The RMSE is an average error measure we get for each year. It looks very similar over the years.

# Visualise mean errors
ggplot(cv_results, aes(x = as.factor(year))) +
# Reference line
geom_hline(yintercept = 0, colour = "black", linetype = "dashed") +
# Plot RMSE
geom_point(aes(y = rmse), colour = "red", size = 3) +
# Settings
labs(x = "", y = "RMSE") +
theme_minimal()
RMSE for mean number of occurrences over time.

Indeed, looking at the individual error values reveals similar patterns for every year. A species key 2481174 in year 2011 with error -2 means that without species 2481174, the average number of occurrences per grid cell would be 2 lower than the estimate based on the full dataset (in this case around 46.8 instead of 48.8).

# Get original estimates (based on full data cube)
original_estimates <- mean_obs(processed_cube$data)
original_estimates$label <- paste(
"hat(theta) ==", round(original_estimates$diversity_val, 3)
)
# Visualise errors
ggplot(cv_results, aes(x = as.factor(year))) +
# Reference line
geom_hline(yintercept = 0, colour = "black", linetype = "dashed") +
# Plot species keys
geom_text(aes(y = error, colour = as.factor(taxonkey_out),
label = as.factor(taxonkey_out))) +
# Plot original estimates
geom_label(data = original_estimates, aes(label = label),
y = 0.9, parse = TRUE, size = 3) +
# Settings
scale_y_continuous(limits = c(NA, 1)) +
labs(x = "", y = "LOSO-CV Error") +
theme_minimal() +
theme(legend.position = "")
Species errors for mean number of occurrences over time.

There are two species that have a big effect on the calculation of our statistic.

If we go back to the source of the data, we see that the data cube includes records from two large datasets strictly dedicated to these two species (2481174, 2481139).

index <- match("bird_cube_belgium_mgrs10", resources(b3data_package))
b3data_package$resources[[index]]$sources
#> [[1]]
#> [[1]]$title
#> [1] "GBIF Occurrence Download"
#>
#> [[1]]$path
#> [1] "https://doi.org/10.15468/dl.y3wpwk"

This suggests that the two species are overrepresented in the data cube, likely due to targeted monitoring efforts. Their disproportionate influence inflates indicator values, potentially distorting the true diversity signal.
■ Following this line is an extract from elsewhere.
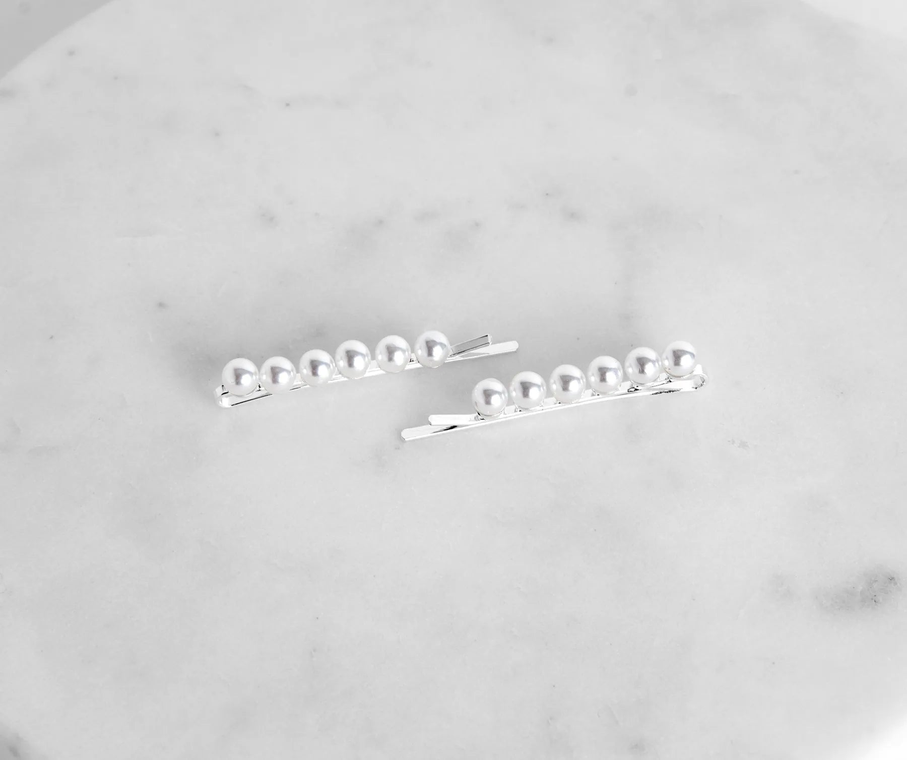 Give yourself a soft and feminine look on your special day! This pack includes a set of two small hair pins embellished with pearls and designed to slide on!

Group-level sensitivity analysis like this helps uncover such sampling biases, ensuring that biodiversity indicators better reflect ecological reality rather than data artifacts.
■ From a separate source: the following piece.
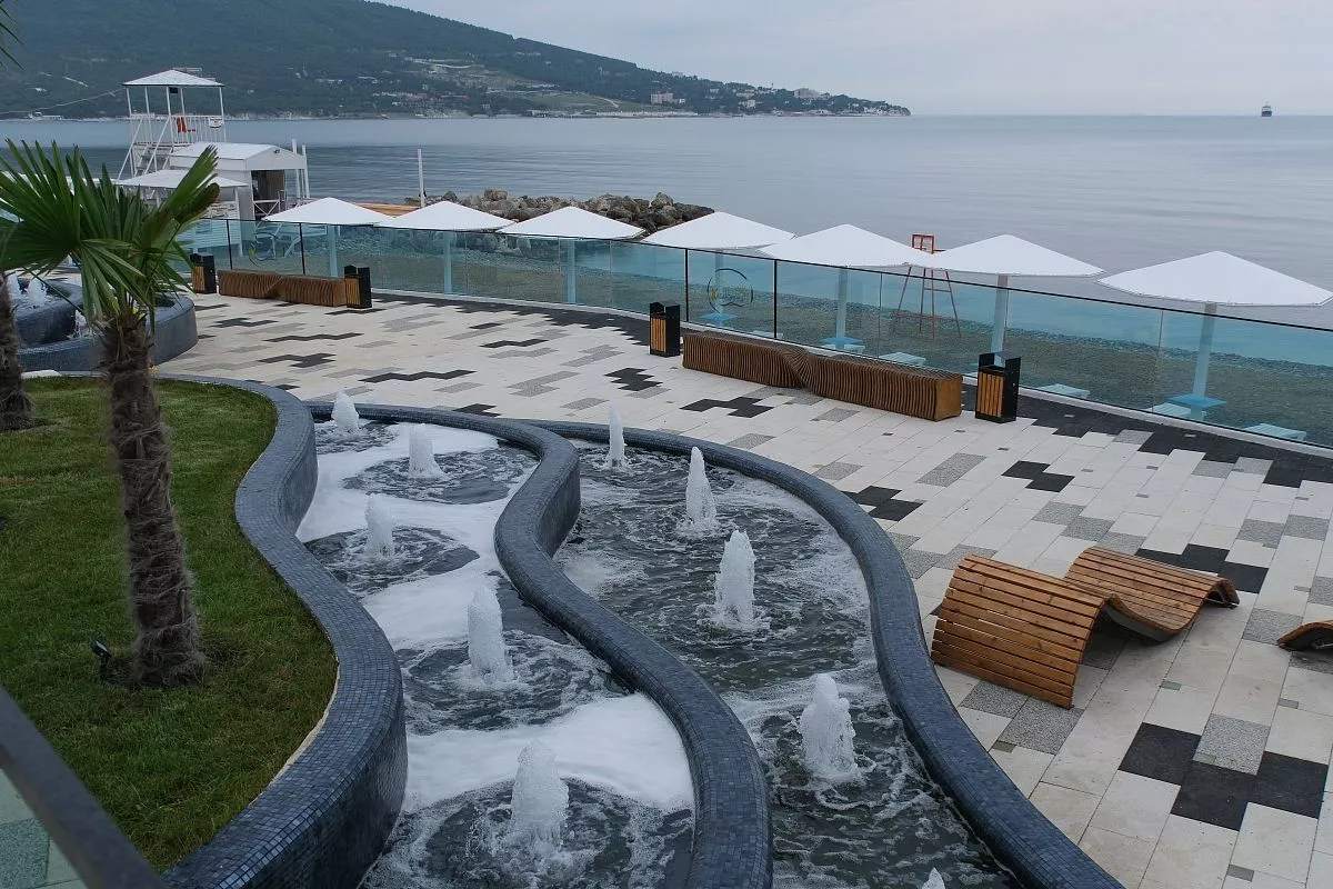 Набережная в Кабардинке удивляет своими фонтанами с подсветкой. Например, таким водным каскадом в виде тоннеля. Проходя по нему, отдыхающие любят загадывать желания.

Advanced usage of cross_validate_cube()

Cross-validate b3gbi functions

As stated in the documentation, it is also possible to cross-validate over a processed cube generated by b3gbi::process_cube() with an indicator function of that package (e.g. evenness per year with b3gbi::pielou_evenness_ts()). However, this approach increases computation time.

cv_results_evenness <- cross_validate_cube(
data_cube = processed_cube, # "processed_cube" object
fun = b3gbi::pielou_evenness_ts, # b3gbi function
grouping_var = "year",
out_var = "taxonKey"
)

Optional arguments

The cross_validate_cube() function includes several optional parameters that give you more control over how the cross-validation is performed. These arguments are not required for basic use but can be helpful in specific scenarios.
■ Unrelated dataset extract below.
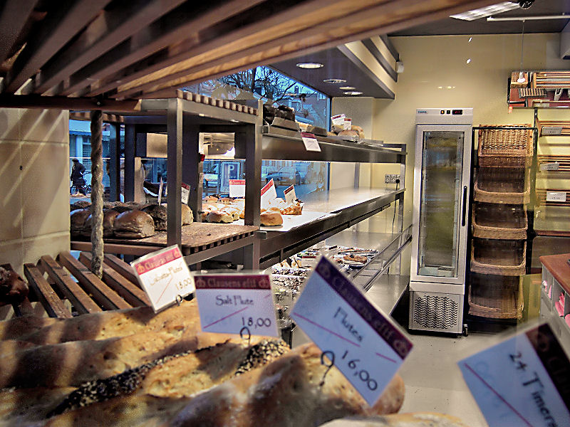 En bagerbutik. Brød er blevet dyrt og folk køber brød på tankstationer og supermarkeder der kan bage af mix-blandinger og derfor kan levere varmt brød. Denne udvikling har medført at over 600 bagere har måttet dreje nøglen gennem de sidste år. Jeg der stammer fra et bagerdynasti er selvfølgelig beskæmmet. Der er kommet meget nyt til, men jeg savner nu kryddere, gifler, rosenbrød, tvebakker, sigtebrød, surbrød og rasp i poser. Udvalget af flødekager er yderst begrænset i denne butik. Jeg har aldrig brudt mig om de kedelige tørkager, men de er jo lidt langtidsholdbare. Ikke engang et lille rosinbrød er der på hylderne.

  • Cross-validation Method: crossv_method
    Determines how data is partitioned for cross-validation.

    • "loo" (default):
      Leave-one-out cross-validation. One category in out_var (e.g. one species) is excluded at a time.

    • "kfold":
      K-fold cross-validation. All categories in out_var are split into k subsets, and each subset is excluded once while the others are used for analysis.
      Note: this method is experimental and results should be interpreted with caution.

  • Number of Folds: k
    Specifies the number of folds when using "kfold" cross-validation.
    Default is 5. Only used when crossv_method = "kfold".

  • Maximum Number of Categories: max_out_cats
    Sets an upper limit on the number of unique categories in out_var that will be excluded one-by-one during cross-validation.
    Default is 1000. This helps prevent long runtimes for datasets with many unique categories. You can increase this if needed, but expect slower computation.